-------- Task input --------

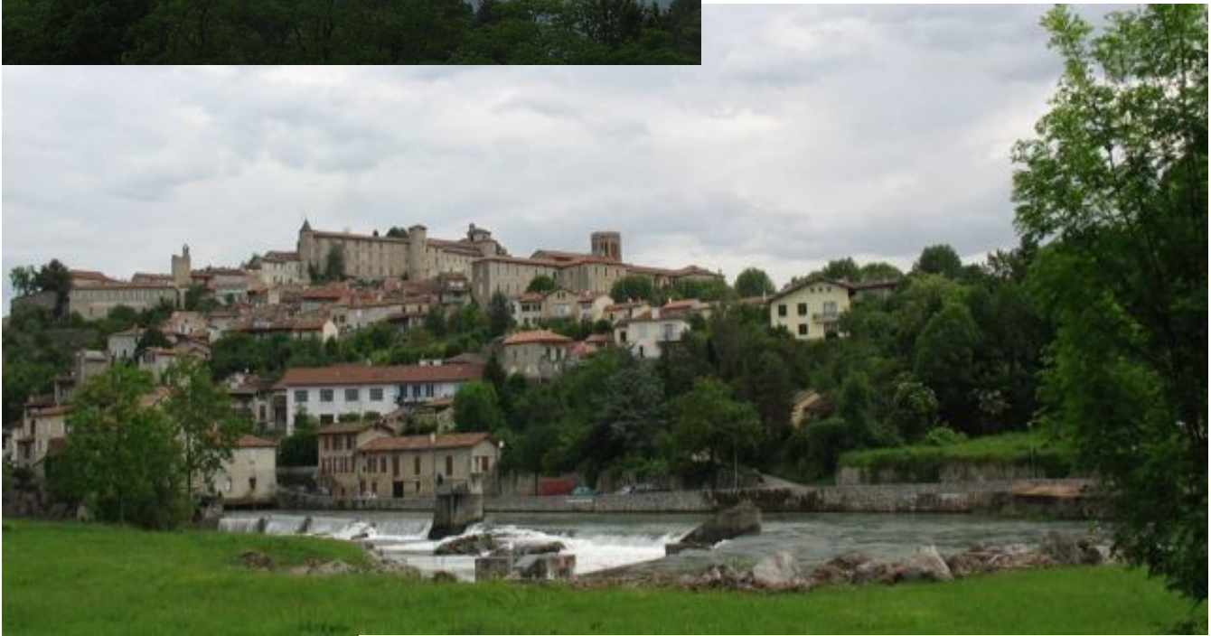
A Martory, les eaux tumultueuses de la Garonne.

--------
-------- Task input --------

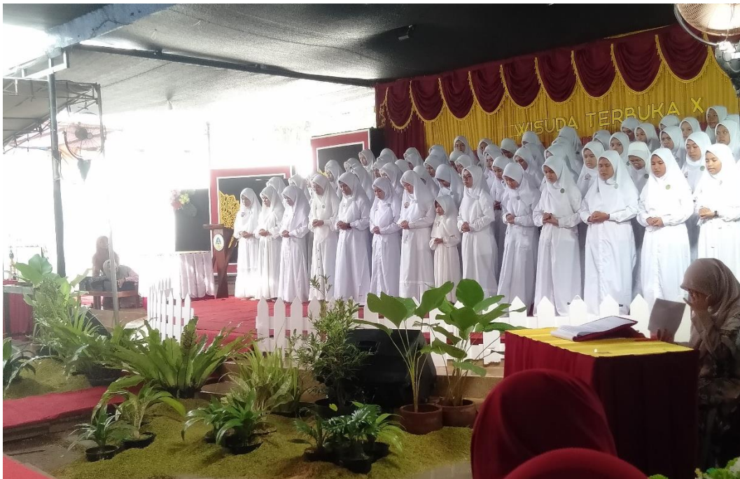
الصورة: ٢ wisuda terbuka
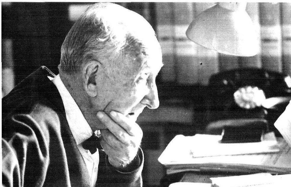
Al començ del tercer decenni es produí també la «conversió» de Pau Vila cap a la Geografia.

--------
-------- Task input --------

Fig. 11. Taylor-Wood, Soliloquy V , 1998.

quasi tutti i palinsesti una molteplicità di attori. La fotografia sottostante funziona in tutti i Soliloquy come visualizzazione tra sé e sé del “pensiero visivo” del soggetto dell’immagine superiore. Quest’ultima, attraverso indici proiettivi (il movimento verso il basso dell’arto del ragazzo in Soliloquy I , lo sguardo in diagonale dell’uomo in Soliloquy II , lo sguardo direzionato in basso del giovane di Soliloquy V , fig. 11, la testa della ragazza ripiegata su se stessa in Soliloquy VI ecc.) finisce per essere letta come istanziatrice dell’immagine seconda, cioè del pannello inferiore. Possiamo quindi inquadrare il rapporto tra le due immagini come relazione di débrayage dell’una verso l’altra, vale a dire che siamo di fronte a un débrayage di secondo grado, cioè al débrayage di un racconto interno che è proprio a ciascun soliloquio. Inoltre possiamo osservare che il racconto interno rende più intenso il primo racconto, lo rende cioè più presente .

--------

- Work task:
What lines of the listing above hold "Soliloquy"? Copy all of them.

- Response to the exercise:
Fig. 11. Taylor-Wood, Soliloquy V , 1998.
quasi tutti i palinsesti una molteplicità di attori. La fotografia sottostante funziona in tutti i Soliloquy come visualizzazione tra sé e sé del “pensiero visivo” del soggetto dell’immagine superiore. Quest’ultima, attraverso indici proiettivi (il movimento verso il basso dell’arto del ragazzo in Soliloquy I , lo sguardo in diagonale dell’uomo in Soliloquy II , lo sguardo direzionato in basso del giovane di Soliloquy V , fig. 11, la testa della ragazza ripiegata su se stessa in Soliloquy VI ecc.) finisce per essere letta come istanziatrice dell’immagine seconda, cioè del pannello inferiore. Possiamo quindi inquadrare il rapporto tra le due immagini come relazione di débrayage dell’una verso l’altra, vale a dire che siamo di fronte a un débrayage di secondo grado, cioè al débrayage di un racconto interno che è proprio a ciascun soliloquio. Inoltre possiamo osservare che il racconto interno rende più intenso il primo racconto, lo rende cioè più presente .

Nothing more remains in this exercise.